Jacob stood in the doorway of the Rose and Crown, one hand on his thigh as he bent double, breathing hard. He hadn’t been for a run since fracturing his wrist, and according to his doctor’s advice, he probably shouldn’t have taken that one. But this was an urgent situation, so . . .

Catching his breath, he looked up at Mont, who was all wide-eyed astonishment and obvious alarm. He had a mop and bucket in his hands, and behind him, Katy, the barmaid, was drying glasses at the bar—or rather, she’d frozen in the act of drying glasses, and was also staring at Jacob.
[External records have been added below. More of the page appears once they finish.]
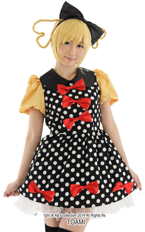 ド派手ワンピとリボンカチューシャで注目度抜群!インパクト大な青文字系アイドル風のワンピース。パニエ付きのドット柄ワンピに、丸襟やパフ袖、赤リボンなどなど、キュートなデザインが大集合!目立ち度100%のなりきりコスチュームです。※ストッキング、ウィッグは付属しておりません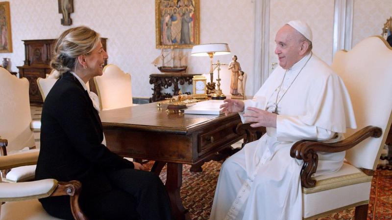La vicepresidenta segunda y ministra de Trabajo, Yolanda Díaz, ha conversado con el Papa Francisco sobre los decretos legislativos que ha emprendido España para paliar la crisis y el concepto de trabajo como agente social que da dignidad y aporta igualdad, según han informado fuentes del Gobierno español.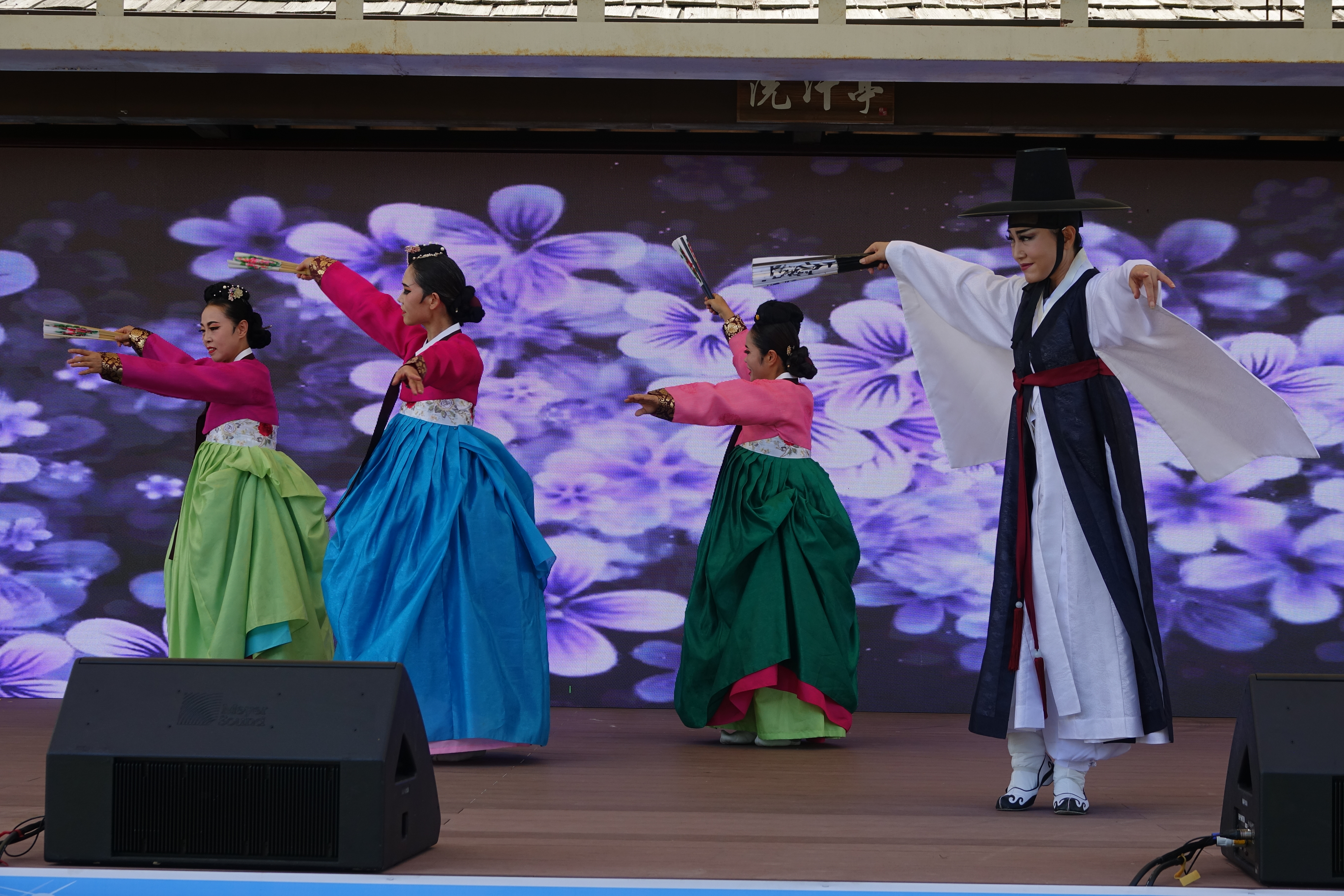 나래무용단은 평창군 유일의 전통 한국무용을 전승•발전시키고 보급하는 평창군 대표 무용단입니다. 각종 대회에서 우수한 성적을 내며 우리 고유 무용을 지키고 발전시킨다는 자부심으로 단원 모두가 최선을 다하는 무용단이다. 나래무용단은 30일 개막식전 공연으로 풍속도를 선보였다. 마을 의 풍류를 즐기는 선비와 마을 기녀 들이 자연을 벗삼아 즐기며 노는모습을 멋스럽게 표현한 춤이다.

He briefly considered dragging Mont off somewhere private for this little chat, then decided there was no time. If he didn’t get answers soon, he might die. Of uncertainty. Or love. Or regret. At least one of those had to be deadly, and possibly all three.

So he straightened up and just blurted it out. “I love Eve and I didn’t tell her. Do you think I should’ve told her?”

Mont blinked rapidly. At the bar, Katy made a strangled noise before putting down a glass and grabbing her phone in what she probably thought was a very subtle move. Fucking teenagers.

“I—I don’t know, mate,” Mont said finally. “Maybe. Probably. Are we going to talk, now, about why she left?” Because Mont had been bugging him since yesterday about it. So had Aunt Lucy. So, for God’s sake, had Liam, the man who never called or texted, managing to get on Jacob’s arse all the way from the United bloody States.

“She left because I told her to go,” Jacob said. “She’d been planning to—eventually—so I told her to go. Because I thought she’d always leave anyway. I just, I really fucking believed it, Mont, and it seemed so reasonable at the time, I swear it did, but now I’m starting to wonder if it wasn’t, and I don’t know which half of my brain is the smart half and which half is all emotional and shit.”

Mont sighed and ran a hand over his stubbled jaw. “Jacob. Mate. Maybe the smart half is all emotional and shit.”

Jacob collapsed at the nearest table. “Yes, I’ve been afraid of that.” And afraid of facing just how badly he’d fucked up, hurting Eve with all his insecurities. Shit. Shit.

He had to fix it. He had to. Even if she wanted nothing to do with him after the crap he’d pulled, she had to know exactly how vital, how powerful, how perfect she was. He had to make her know, even if she despised him. Even if he’d ruined the fledgling magic between them.

“I don’t think you need me to tell you all this, Jake,” Mont said. “I think you just want me to confirm you’re not completely deluded before you run off and do something wild.”

Yes. Yes, that was true.

“So ask,” Mont continued. “Just ask me.”

His voice hoarse, Jacob managed the hardest question of all. “Do you think Eve could love me? If I told her I was sorry, and I—I trusted her, and she—gave me a chance?”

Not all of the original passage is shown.